Goal of the exercise
Make an exact copy of the entries below and leave any picture out of it.

Task material
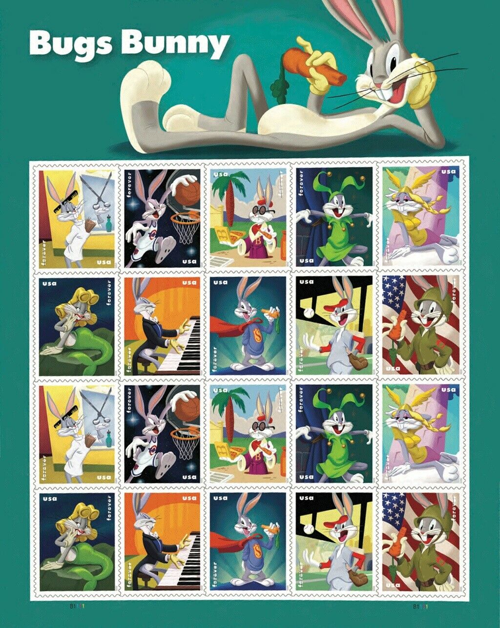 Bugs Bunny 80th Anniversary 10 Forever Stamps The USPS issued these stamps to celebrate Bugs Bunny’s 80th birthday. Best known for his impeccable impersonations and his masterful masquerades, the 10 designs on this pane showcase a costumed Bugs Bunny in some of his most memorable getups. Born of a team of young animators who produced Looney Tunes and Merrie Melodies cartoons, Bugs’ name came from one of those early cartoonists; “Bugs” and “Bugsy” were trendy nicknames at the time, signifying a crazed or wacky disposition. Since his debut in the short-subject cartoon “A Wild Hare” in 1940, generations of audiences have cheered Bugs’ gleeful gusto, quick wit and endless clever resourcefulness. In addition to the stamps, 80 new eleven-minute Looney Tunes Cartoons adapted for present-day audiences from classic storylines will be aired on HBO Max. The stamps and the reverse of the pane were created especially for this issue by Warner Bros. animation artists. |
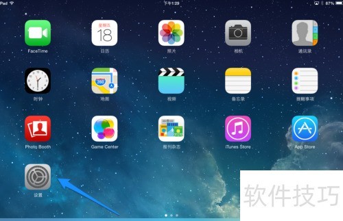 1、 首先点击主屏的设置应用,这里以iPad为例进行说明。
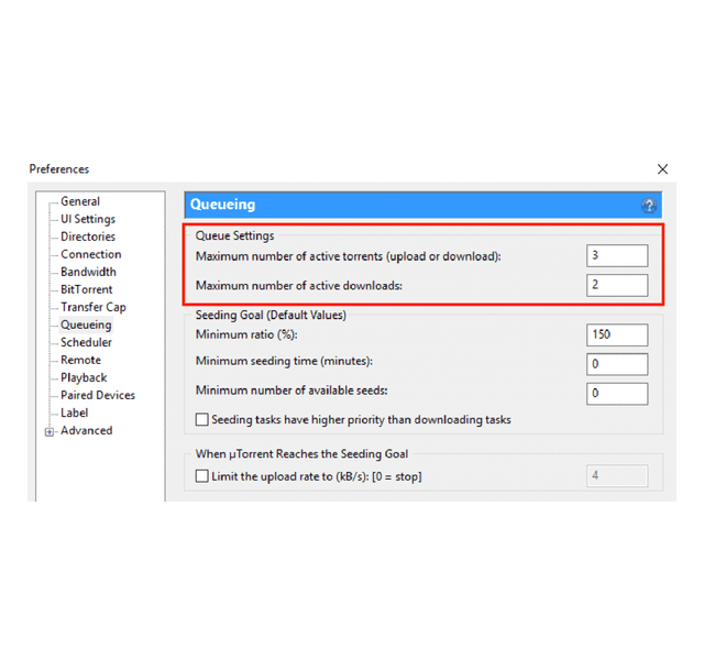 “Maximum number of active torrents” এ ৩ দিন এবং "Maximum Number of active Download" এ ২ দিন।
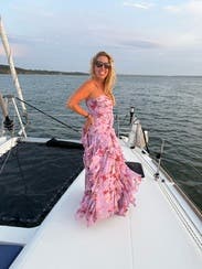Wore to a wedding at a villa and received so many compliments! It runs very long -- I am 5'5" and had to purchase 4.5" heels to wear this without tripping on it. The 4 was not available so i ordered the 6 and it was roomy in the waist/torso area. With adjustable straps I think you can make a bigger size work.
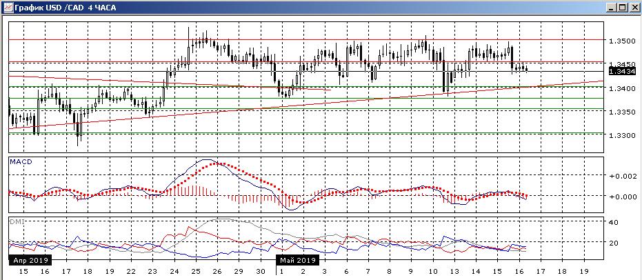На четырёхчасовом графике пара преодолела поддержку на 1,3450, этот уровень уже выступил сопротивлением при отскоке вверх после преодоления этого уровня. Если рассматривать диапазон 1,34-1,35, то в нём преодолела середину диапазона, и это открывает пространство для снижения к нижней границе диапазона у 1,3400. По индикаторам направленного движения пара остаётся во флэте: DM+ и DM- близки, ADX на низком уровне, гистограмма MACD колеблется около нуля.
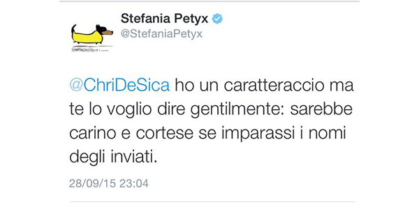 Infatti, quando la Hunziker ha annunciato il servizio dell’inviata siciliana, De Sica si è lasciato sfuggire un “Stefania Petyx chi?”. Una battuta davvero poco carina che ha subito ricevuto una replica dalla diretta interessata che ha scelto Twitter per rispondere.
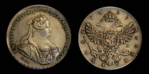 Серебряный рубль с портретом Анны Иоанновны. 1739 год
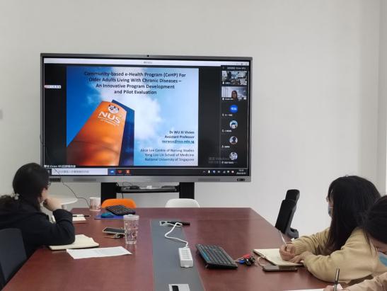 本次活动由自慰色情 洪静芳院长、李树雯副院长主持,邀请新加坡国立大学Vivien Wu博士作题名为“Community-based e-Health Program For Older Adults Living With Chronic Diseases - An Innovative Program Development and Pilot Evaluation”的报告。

Solution
 Bugs Bunny 80th Anniversary 10 Forever Stamps The USPS issued these stamps to celebrate Bugs Bunny’s 80th birthday. Best known for his impeccable impersonations and his masterful masquerades, the 10 designs on this pane showcase a costumed Bugs Bunny in some of his most memorable getups. Born of a team of young animators who produced Looney Tunes and Merrie Melodies cartoons, Bugs’ name came from one of those early cartoonists; “Bugs” and “Bugsy” were trendy nicknames at the time, signifying a crazed or wacky disposition. Since his debut in the short-subject cartoon “A Wild Hare” in 1940, generations of audiences have cheered Bugs’ gleeful gusto, quick wit and endless clever resourcefulness. In addition to the stamps, 80 new eleven-minute Looney Tunes Cartoons adapted for present-day audiences from classic storylines will be aired on HBO Max. The stamps and the reverse of the pane were created especially for this issue by Warner Bros. animation artists. |
 1、 首先点击主屏的设置应用,这里以iPad为例进行说明。
 “Maximum number of active torrents” এ ৩ দিন এবং "Maximum Number of active Download" এ ২ দিন।
Wore to a wedding at a villa and received so many compliments! It runs very long -- I am 5'5" and had to purchase 4.5" heels to wear this without tripping on it. The 4 was not available so i ordered the 6 and it was roomy in the waist/torso area. With adjustable straps I think you can make a bigger size work.
На четырёхчасовом графике пара преодолела поддержку на 1,3450, этот уровень уже выступил сопротивлением при отскоке вверх после преодоления этого уровня. Если рассматривать диапазон 1,34-1,35, то в нём преодолела середину диапазона, и это открывает пространство для снижения к нижней границе диапазона у 1,3400. По индикаторам направленного движения пара остаётся во флэте: DM+ и DM- близки, ADX на низком уровне, гистограмма MACD колеблется около нуля.
 Infatti, quando la Hunziker ha annunciato il servizio dell’inviata siciliana, De Sica si è lasciato sfuggire un “Stefania Petyx chi?”. Una battuta davvero poco carina che ha subito ricevuto una replica dalla diretta interessata che ha scelto Twitter per rispondere.
 Серебряный рубль с портретом Анны Иоанновны. 1739 год
 本次活动由自慰色情 洪静芳院长、李树雯副院长主持,邀请新加坡国立大学Vivien Wu博士作题名为“Community-based e-Health Program For Older Adults Living With Chronic Diseases - An Innovative Program Development and Pilot Evaluation”的报告。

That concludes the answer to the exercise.